**WORK TO BE COMPLETED**: The material below is to be copied exactly from the line with "Desert Triangle Print" up to and including the line with "The Hoof Print", with nothing else kept and no pictures.
===== RECORDS SHOWN
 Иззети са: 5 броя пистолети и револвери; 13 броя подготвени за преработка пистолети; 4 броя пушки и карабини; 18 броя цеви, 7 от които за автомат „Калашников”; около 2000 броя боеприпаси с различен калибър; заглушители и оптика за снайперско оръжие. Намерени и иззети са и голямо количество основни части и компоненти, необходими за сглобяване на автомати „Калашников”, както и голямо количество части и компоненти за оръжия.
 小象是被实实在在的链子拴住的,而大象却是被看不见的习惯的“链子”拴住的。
==========
===== RECORDS SHOWN
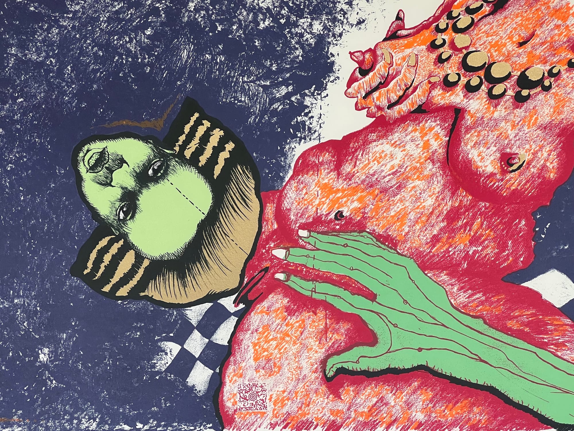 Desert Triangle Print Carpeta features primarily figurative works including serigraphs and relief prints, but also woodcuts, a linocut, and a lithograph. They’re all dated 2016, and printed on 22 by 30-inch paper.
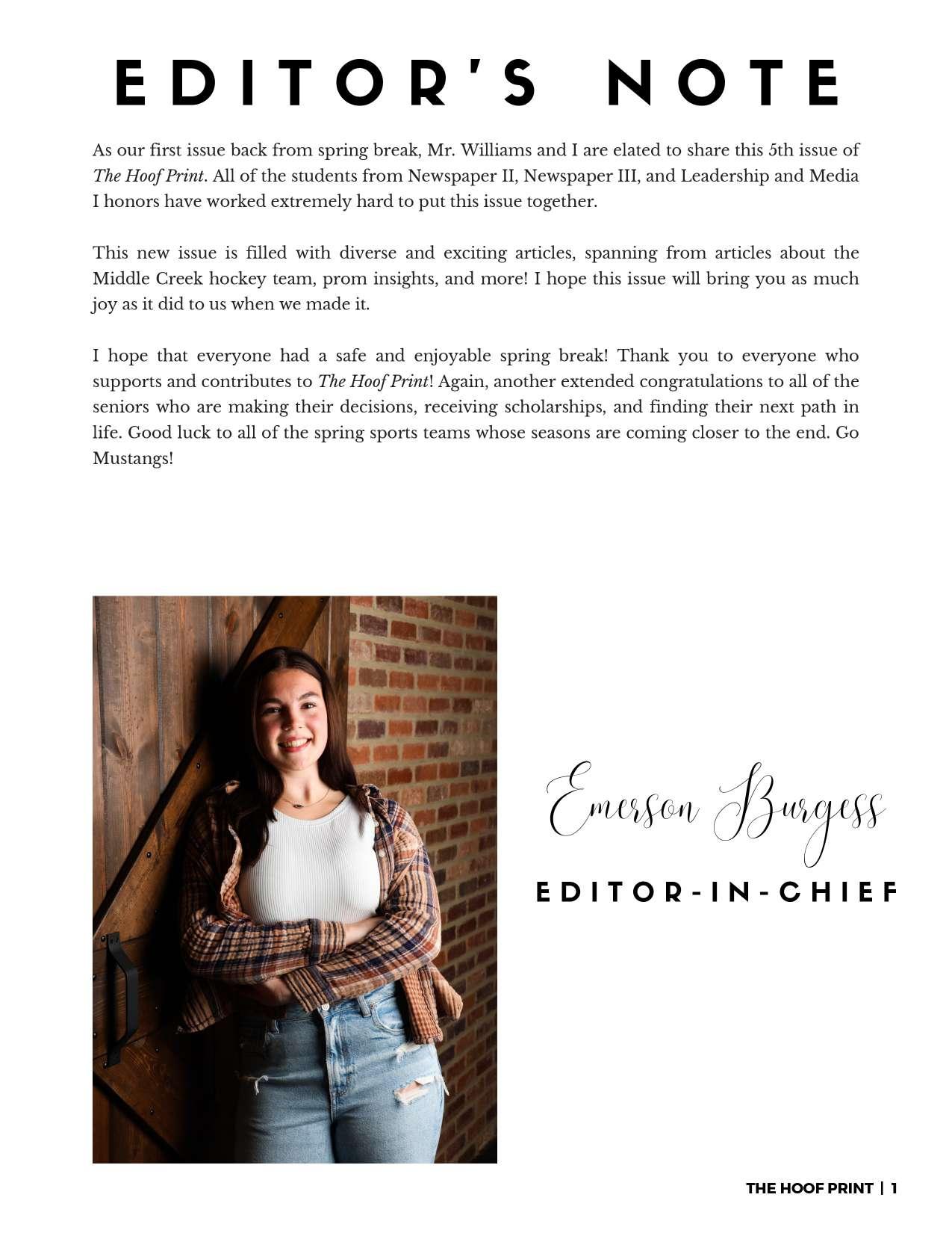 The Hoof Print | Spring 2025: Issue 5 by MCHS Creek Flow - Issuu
==========
**WRITTEN ANSWER**:
 Desert Triangle Print Carpeta features primarily figurative works including serigraphs and relief prints, but also woodcuts, a linocut, and a lithograph. They’re all dated 2016, and printed on 22 by 30-inch paper.
 The Hoof Print | Spring 2025: Issue 5 by MCHS Creek Flow - Issuu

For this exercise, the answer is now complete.